BEGIN EXERCISE INPUT
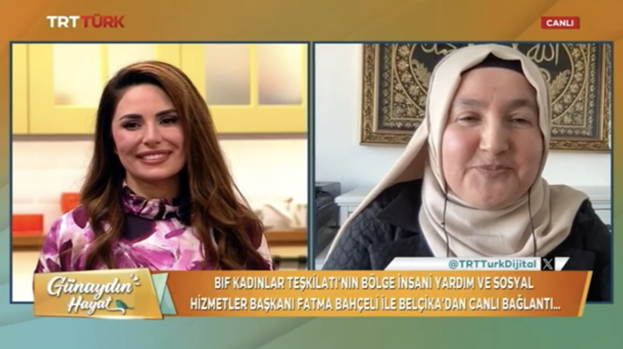 • BİF KT İYSH Başkanımız Fatma Bahçeli bugün TRT Türk kanalında yayınlanan 'Günaydın Hayat' programına bağlandı. Programda 'Muhabbet Örüyoruz' projesi hakkında “Belçika İslam Federasyonu Kadınlar Teşkilatı olarak, İnsanî Yardım ve Sosyal Hizmetler birimimizin projesi olan Muhabbet Örüyoruz ile hem muhabbetimizi hem birlikteliğimizi güçlendiriyoruz. Bu çalışmayı araç olarak kullanarak, huzurevlerini ve yetimhaneleri ziyaret ediyoruz ve el emeği göz nuru ile ördüğümüz örgüleri hediye ediyoruz. Bu şekilde, insanlık müştereklerimizi bir kez daha güçlendiriyoruz.” şeklinde izleyenleri bilgilendirdi.
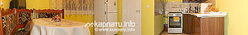 Поруч — потічок, річка, ліс. На поверсі — 2 двомісні кімнати (в одній — двоспальне ліжко, телевізор, дитяче ліжечко, шафа для одягу, в іншій — диван, 2 крісла, камін на дровах), тримісна кімната (2 дивани, телевізор, 2 крісла, шафа для одягу, стіл зі стільцями на 6 осіб), санвузол (ванна, умивальник, туалет). У цокольному приміщенні — кухня (газова плита, холодильник, мікрохвильова піч, електрочайник, кавоварка, столовий та кухонний посуд). Є можливість додаткових місць — розкладні ліжка.
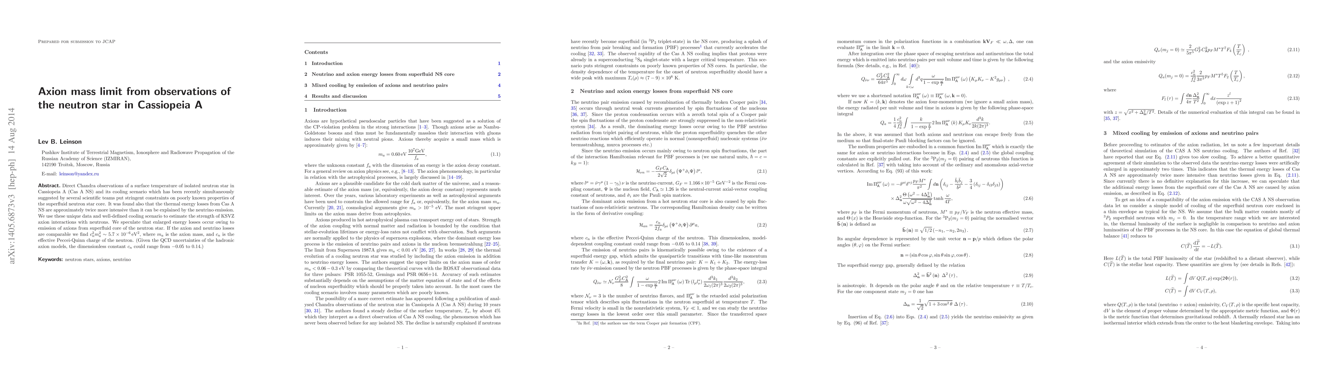 New observations of a neutron star in Cassiopeia A constrain axion properties, suggesting that axions may contribute to the star's cooling, with estimated interactions indicating $c_{n}^{2}m_{a}^{2} hickapprox 5.7 imes 10^{-6} ext{eV}^2$.
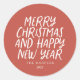 Pegatina Redonda Brillante Navidad Roja Feliz Año Nuevo
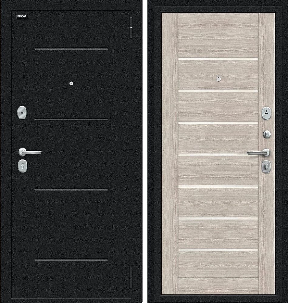 Надежная входная Дверь Браво Техно Букле черное/Cappuccino Veralinga премиум класса по цене 31 469 руб. Большая толщина стали защитит от проникновения в ваш дом, квартиру или коттедж. Используется очень качественная фурнитура: замки, цилиндры, ручки, защелки. Покрытие и отделка двери изготовлено под внимательным контролем производителя. Дверь имеет долгий срок службы и гарантию.
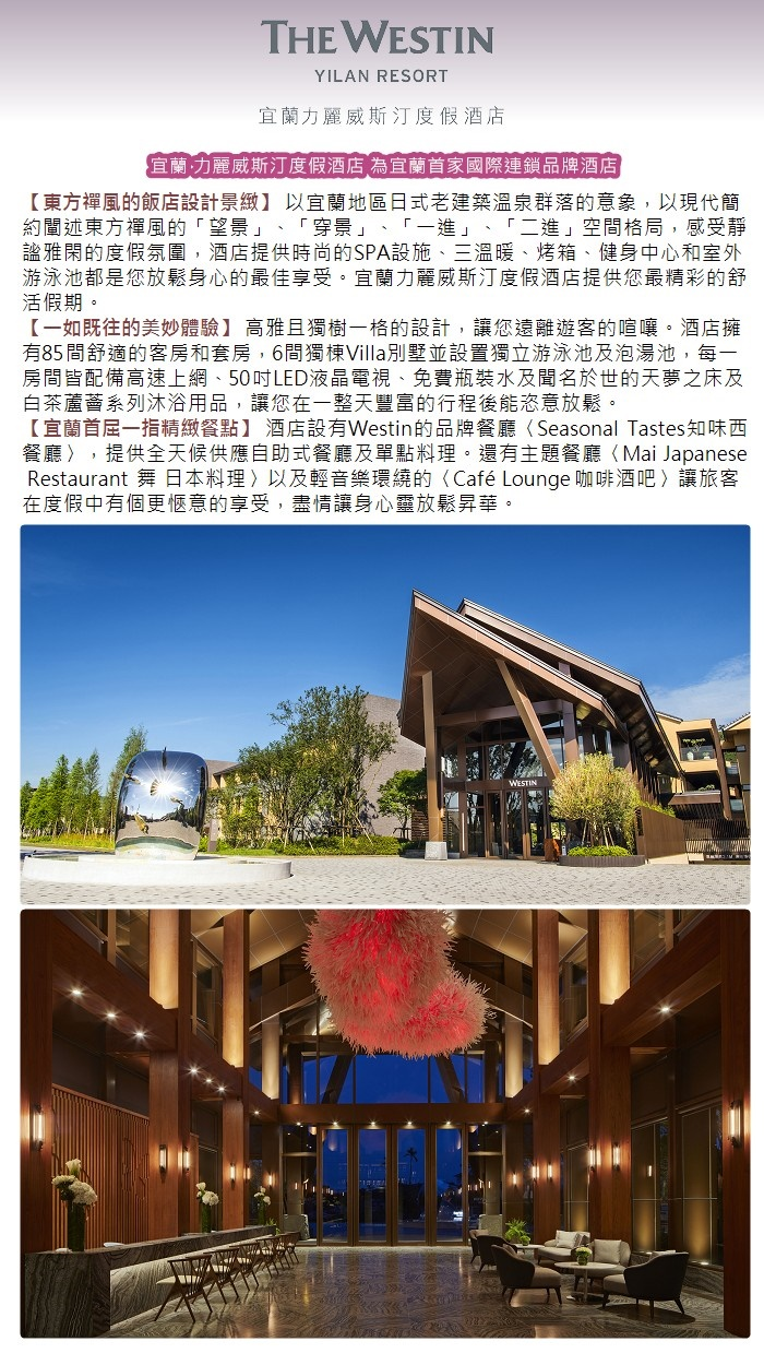宜蘭力麗威斯汀度假酒店為宜蘭首家國際連鎖品牌酒店。 【東方禪風的飯店設計景緻】以宜蘭地區日式老建築溫泉群落的意象,以現代簡約闡述東方禪風的「望景」、「穿景」、「一進」、「二進」空間格局,感受靜謐雅閑的度假氛圍,酒店提供時尚的SPA設施、三溫暖、烤箱、健身中心和室外游泳池都是您放鬆身心的最佳享受。
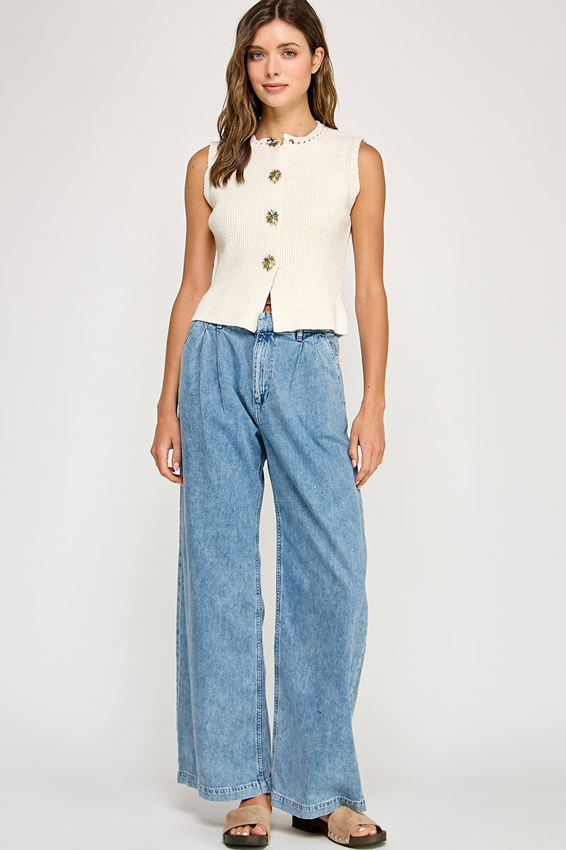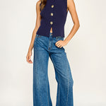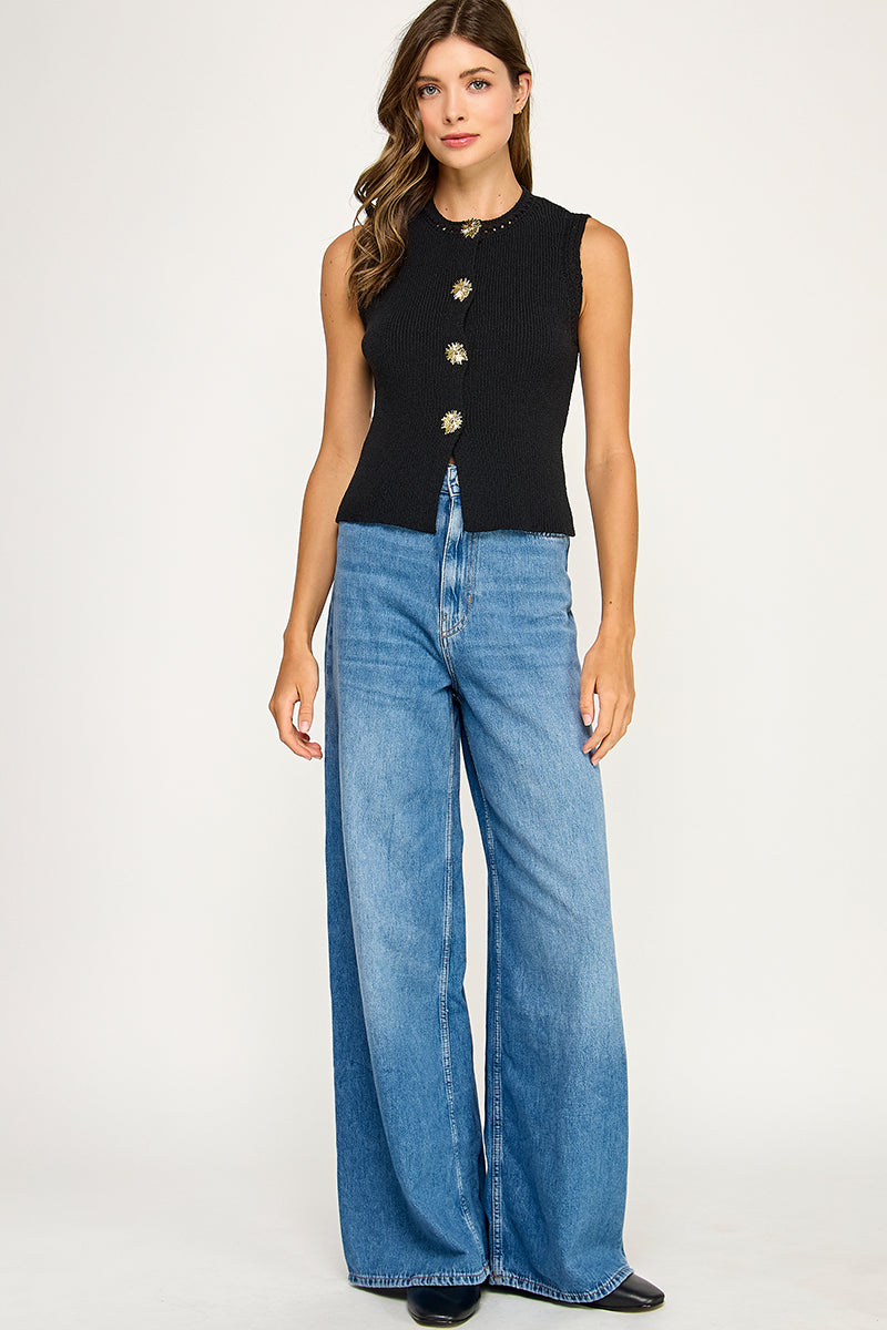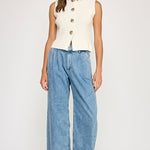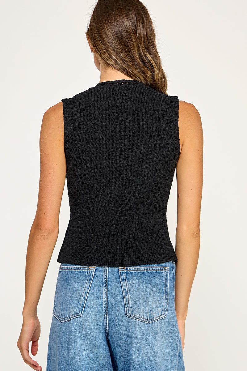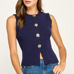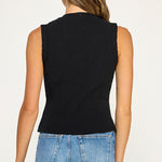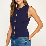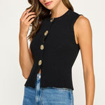 Elevate your wardrobe with this Rib Knit Sleeveless Cardigan, perfectly blending comfort and style. Whether paired with a blouse for work or your favorite tee for casual outings, this top delivers effortless elegance. A staple piece that enhances any outfit with relaxed sophistication, this is a must have transitional piece!
END EXERCISE INPUT
• ABOUT THIS EXERCISE
Range to print from the listing above: from the line with "Поруч — потічок, річка, ліс." up to and including the line with "Pegatina Redonda Brillante". Please print those lines exactly, with no pictures and nothing more.

• ANSWER SECTION
 Поруч — потічок, річка, ліс. На поверсі — 2 двомісні кімнати (в одній — двоспальне ліжко, телевізор, дитяче ліжечко, шафа для одягу, в іншій — диван, 2 крісла, камін на дровах), тримісна кімната (2 дивани, телевізор, 2 крісла, шафа для одягу, стіл зі стільцями на 6 осіб), санвузол (ванна, умивальник, туалет). У цокольному приміщенні — кухня (газова плита, холодильник, мікрохвильова піч, електрочайник, кавоварка, столовий та кухонний посуд). Є можливість додаткових місць — розкладні ліжка.
 New observations of a neutron star in Cassiopeia A constrain axion properties, suggesting that axions may contribute to the star's cooling, with estimated interactions indicating $c_{n}^{2}m_{a}^{2} hickapprox 5.7 imes 10^{-6} ext{eV}^2$.
 Pegatina Redonda Brillante Navidad Roja Feliz Año Nuevo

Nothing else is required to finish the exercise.